No entanto, ele alertou para o fato de que ouvintes não podem substituir a "voz" dos surdos. "Podemos comparar com a cultura indígena. Uma pessoa não indígena pode passar dias, meses em um território indígena, aprender a língua, a cultura, os hábitos, mas não pode sair da imersão e dizer que sabe o que os indígenas sentem e necessitam. As relações precisam ser simétricas".

Para ele, é fundamental que formadores sejam extremamente fluentes em Libras, para não atrapalhar o aprendizado das crianças e dos adolescentes. Ele relembrou seus tempos de colégio. "Eu lembro que tentava me apropriar de forma adequada dos conteúdos em sala de aula, mas eu não conseguia. Os professores gesticulavam grosseiramente e nós, alunos surdos, é que tínhamos que ensinar Libras para eles, prejudicando muito o nosso aprendizado".

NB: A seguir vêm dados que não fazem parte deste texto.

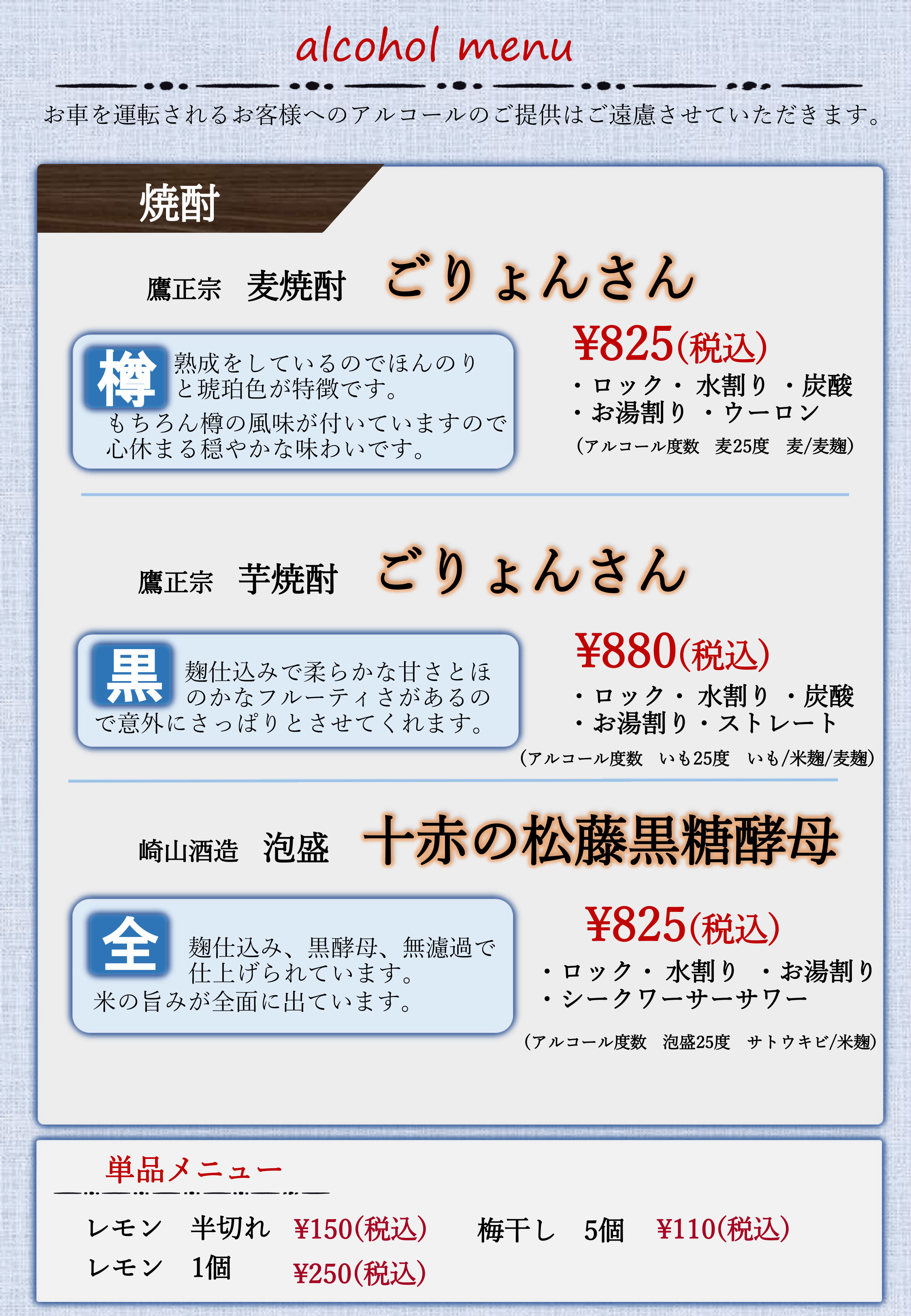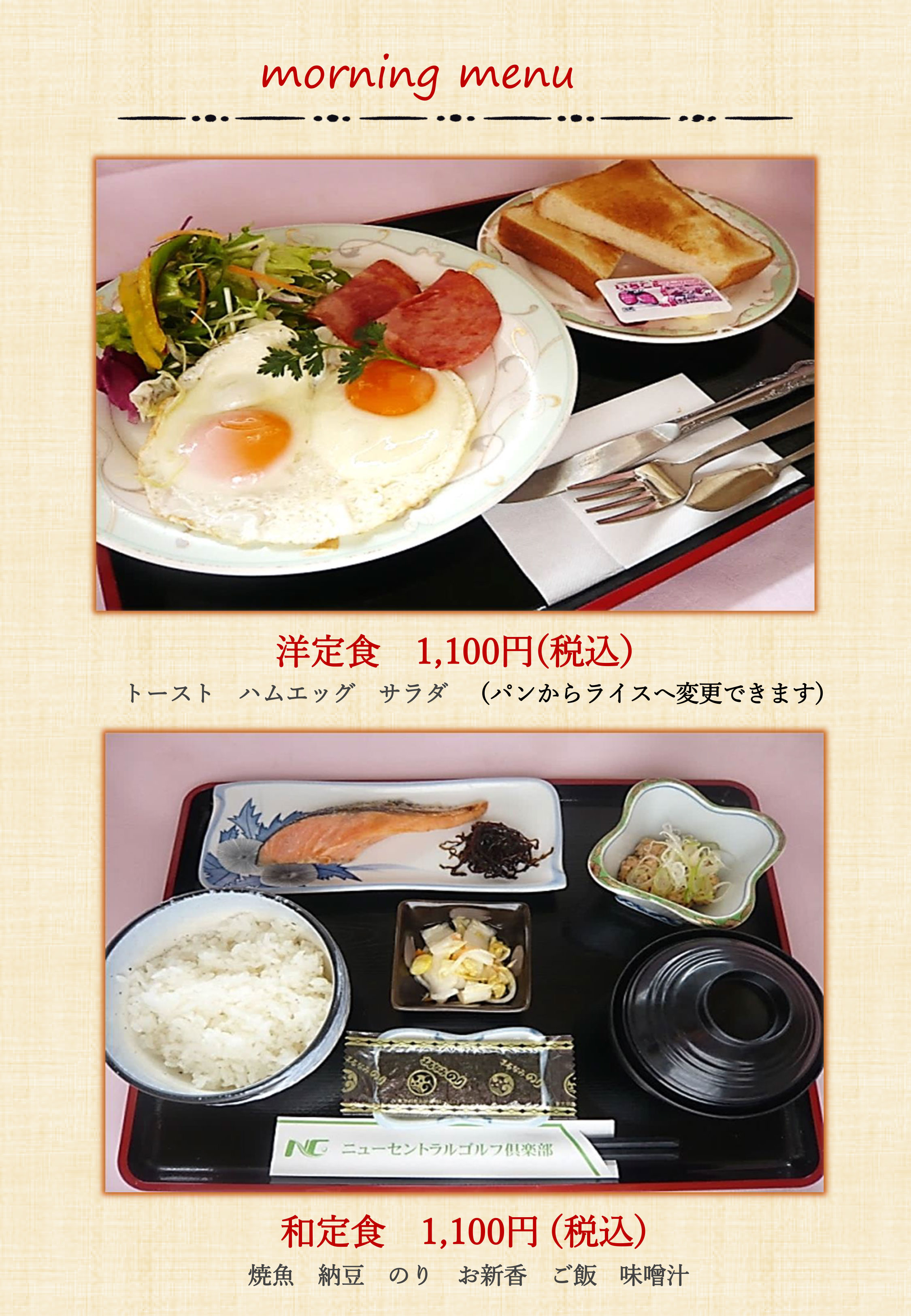 朝のおもてなしメニュー・一品メニュー(アラカルトメニュー)

Ele também lembrou de quando, junto ao Ministério da Educação e representando a  Federação Nacional de Educação e Integração dos Surdos (Feneis), rebateu os argumentos de que a inclusão dos surdos no sistema educacional brasileiro estava funcionando. "Quando o Brasil ratificou a Declaração de Salamanca, as escolas não podiam mais recusar alunos surdos. E foram todos entrando, tendo intérpretes sem fluência em Libras, mas, ao mesmo tempo, as escolas foram  aprovando os surdos porque o sistema educacional dizia que não podiam reprovar os deficientes, porque tinham medo de processos. Aí quando o Enem foi adaptado para Libras e tive reunião com o ministério, eles disseram que estava tudo funcionando. Apresentei os números e mostrei que pouquíssimos surdos tinham sido aprovados e não era por não terem entendido as questões das provas, já que elas tinham sido traduzidas. É que eles não faziam ideia do conteúdo, pois foram sendo apenas aprovados, sem preocupação com o real aprendizado".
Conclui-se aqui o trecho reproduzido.